PROMPT: Required from the data below: the exact lines starting at the line containing "Bà Dương Thị" and ending at the line containing "Kauden uutuus, miesten", with both ends kept and all pictures dropped.

MATERIAL FOR THIS TASK:
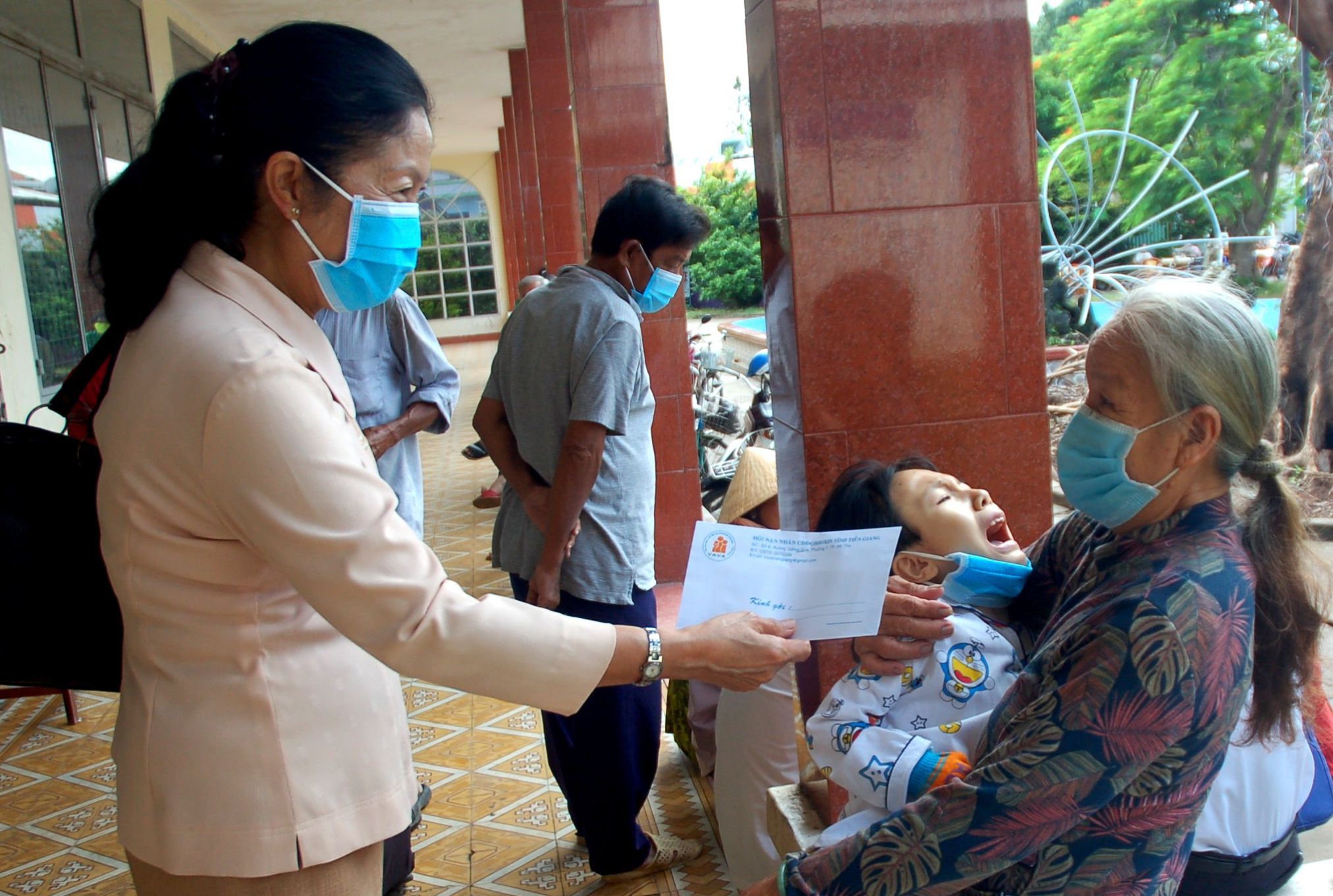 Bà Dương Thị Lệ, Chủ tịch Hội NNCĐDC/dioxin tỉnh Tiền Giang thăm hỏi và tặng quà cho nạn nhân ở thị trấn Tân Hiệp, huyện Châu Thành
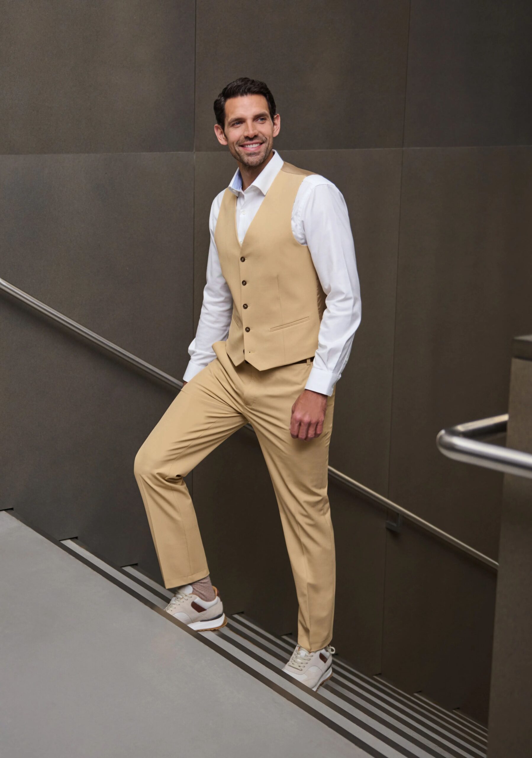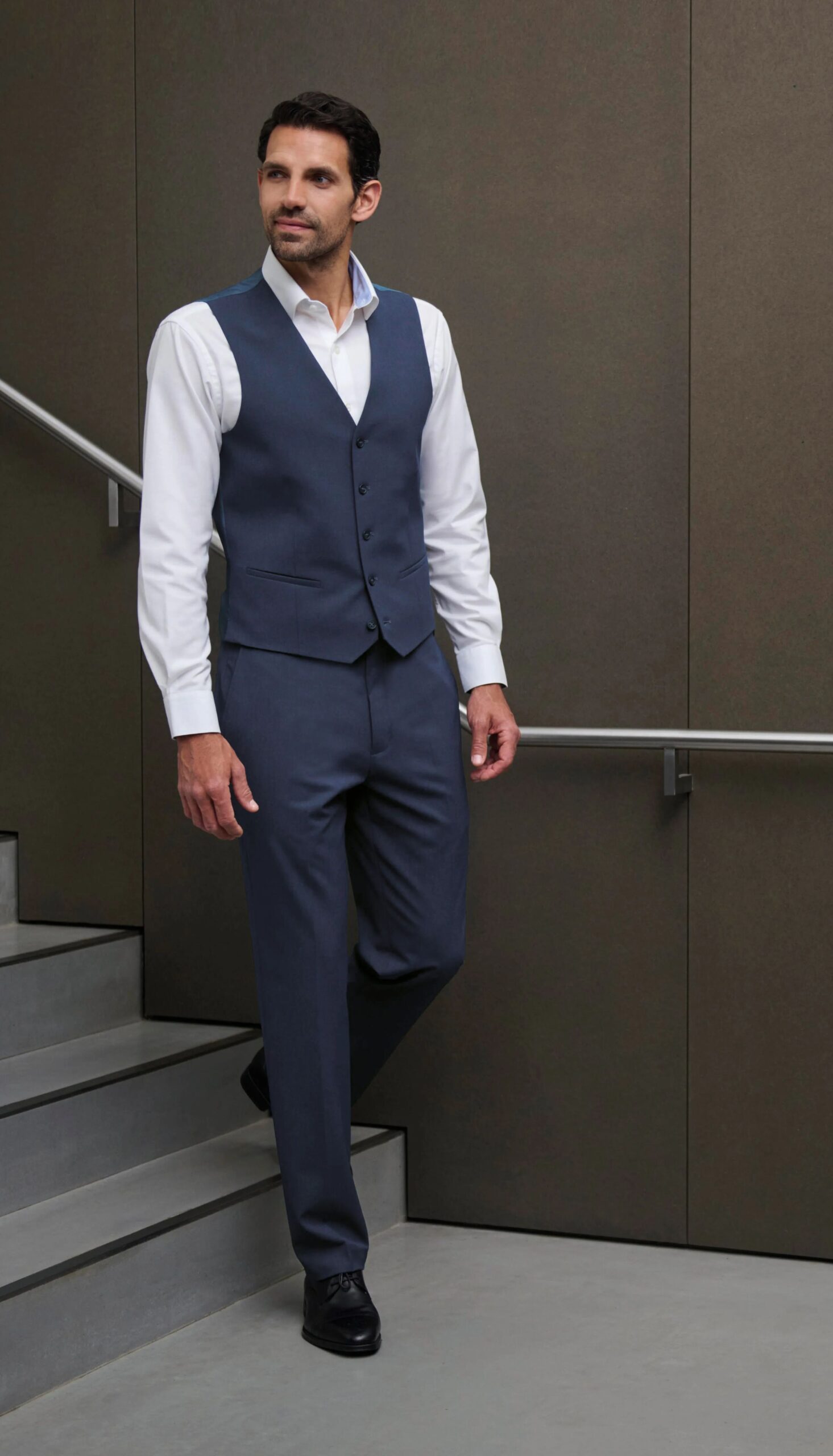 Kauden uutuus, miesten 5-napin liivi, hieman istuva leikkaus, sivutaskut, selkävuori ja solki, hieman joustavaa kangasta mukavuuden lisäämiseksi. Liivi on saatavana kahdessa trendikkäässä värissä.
---
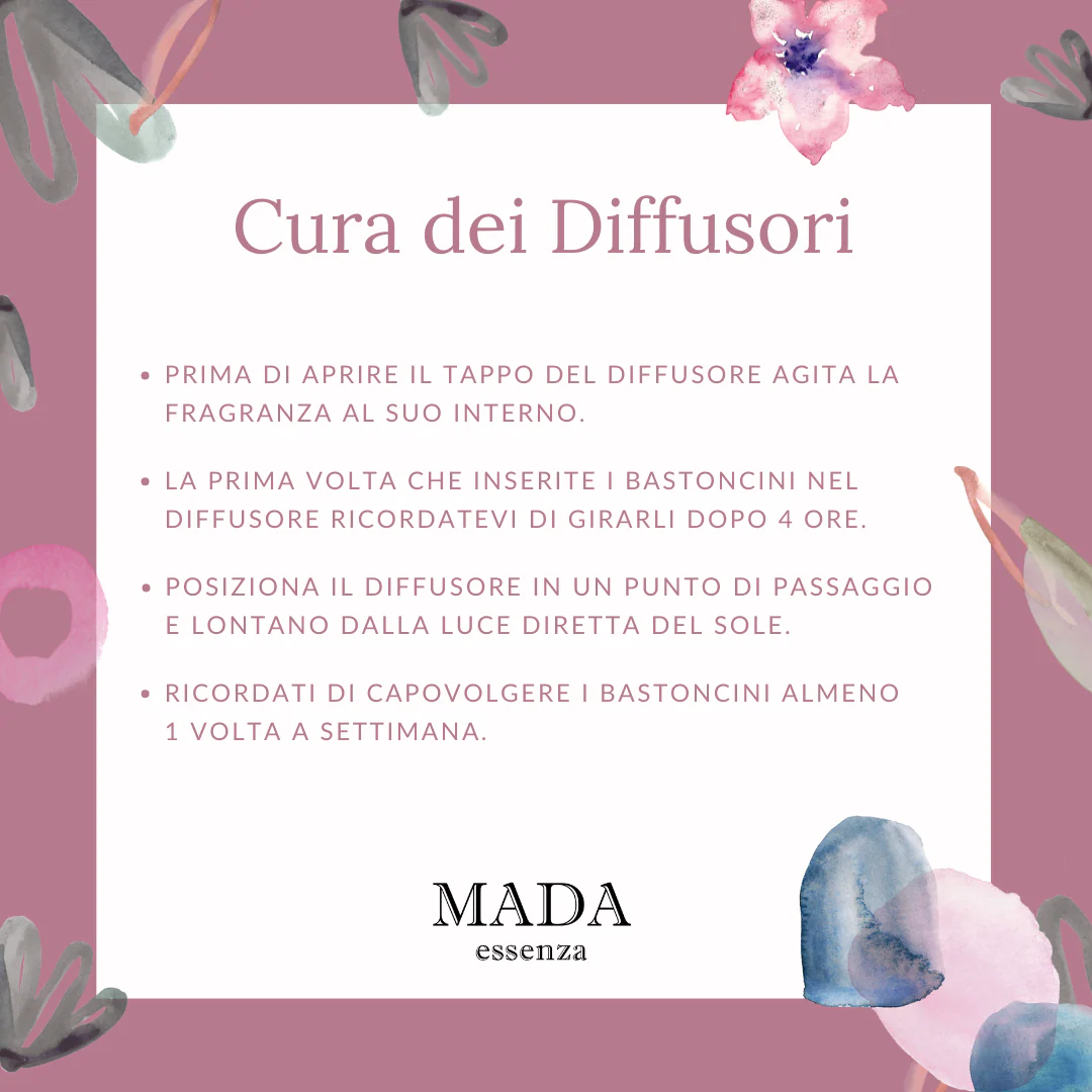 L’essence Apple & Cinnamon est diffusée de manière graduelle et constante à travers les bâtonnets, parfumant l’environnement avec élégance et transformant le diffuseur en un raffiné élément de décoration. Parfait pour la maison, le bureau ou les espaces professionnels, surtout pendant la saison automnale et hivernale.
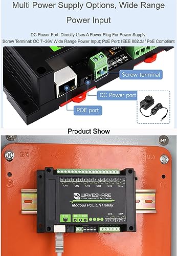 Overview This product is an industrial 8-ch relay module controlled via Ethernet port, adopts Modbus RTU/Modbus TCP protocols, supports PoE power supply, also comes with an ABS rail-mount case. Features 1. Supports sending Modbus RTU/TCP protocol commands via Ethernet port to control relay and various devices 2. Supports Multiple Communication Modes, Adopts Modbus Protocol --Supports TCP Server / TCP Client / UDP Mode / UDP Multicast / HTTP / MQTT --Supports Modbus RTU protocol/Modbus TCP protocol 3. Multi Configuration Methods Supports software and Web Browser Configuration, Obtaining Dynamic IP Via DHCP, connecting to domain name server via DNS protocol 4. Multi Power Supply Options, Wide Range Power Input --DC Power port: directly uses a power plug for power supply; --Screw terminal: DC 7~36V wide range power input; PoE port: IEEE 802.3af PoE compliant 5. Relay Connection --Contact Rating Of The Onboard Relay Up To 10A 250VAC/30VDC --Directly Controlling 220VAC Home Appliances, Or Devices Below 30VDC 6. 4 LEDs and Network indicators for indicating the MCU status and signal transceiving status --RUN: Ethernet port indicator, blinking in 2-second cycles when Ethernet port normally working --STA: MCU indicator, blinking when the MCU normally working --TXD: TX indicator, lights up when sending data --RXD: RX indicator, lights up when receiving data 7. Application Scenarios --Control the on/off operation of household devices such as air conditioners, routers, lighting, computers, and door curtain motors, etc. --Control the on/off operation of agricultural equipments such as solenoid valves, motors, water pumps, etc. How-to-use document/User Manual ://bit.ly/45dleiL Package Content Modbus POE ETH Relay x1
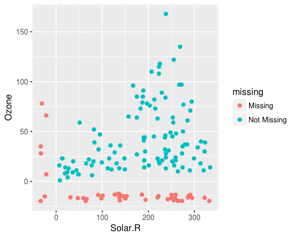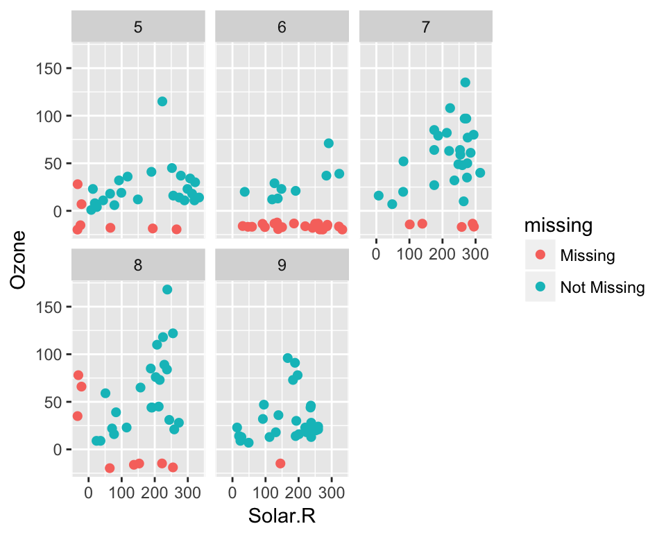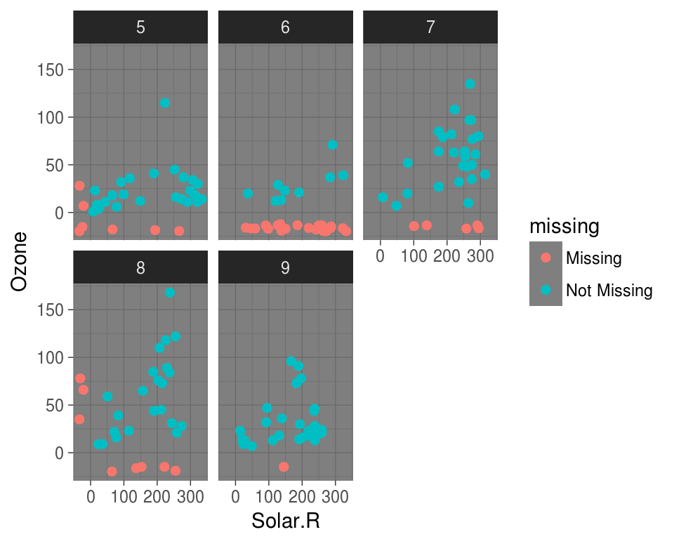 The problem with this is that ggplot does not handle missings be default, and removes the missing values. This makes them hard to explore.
--
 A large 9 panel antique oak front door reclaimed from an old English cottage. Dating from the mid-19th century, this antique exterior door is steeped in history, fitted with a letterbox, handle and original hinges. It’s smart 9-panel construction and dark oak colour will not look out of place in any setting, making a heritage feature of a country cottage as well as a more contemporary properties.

SOLUTION:
 Bà Dương Thị Lệ, Chủ tịch Hội NNCĐDC/dioxin tỉnh Tiền Giang thăm hỏi và tặng quà cho nạn nhân ở thị trấn Tân Hiệp, huyện Châu Thành
 Kauden uutuus, miesten 5-napin liivi, hieman istuva leikkaus, sivutaskut, selkävuori ja solki, hieman joustavaa kangasta mukavuuden lisäämiseksi. Liivi on saatavana kahdessa trendikkäässä värissä.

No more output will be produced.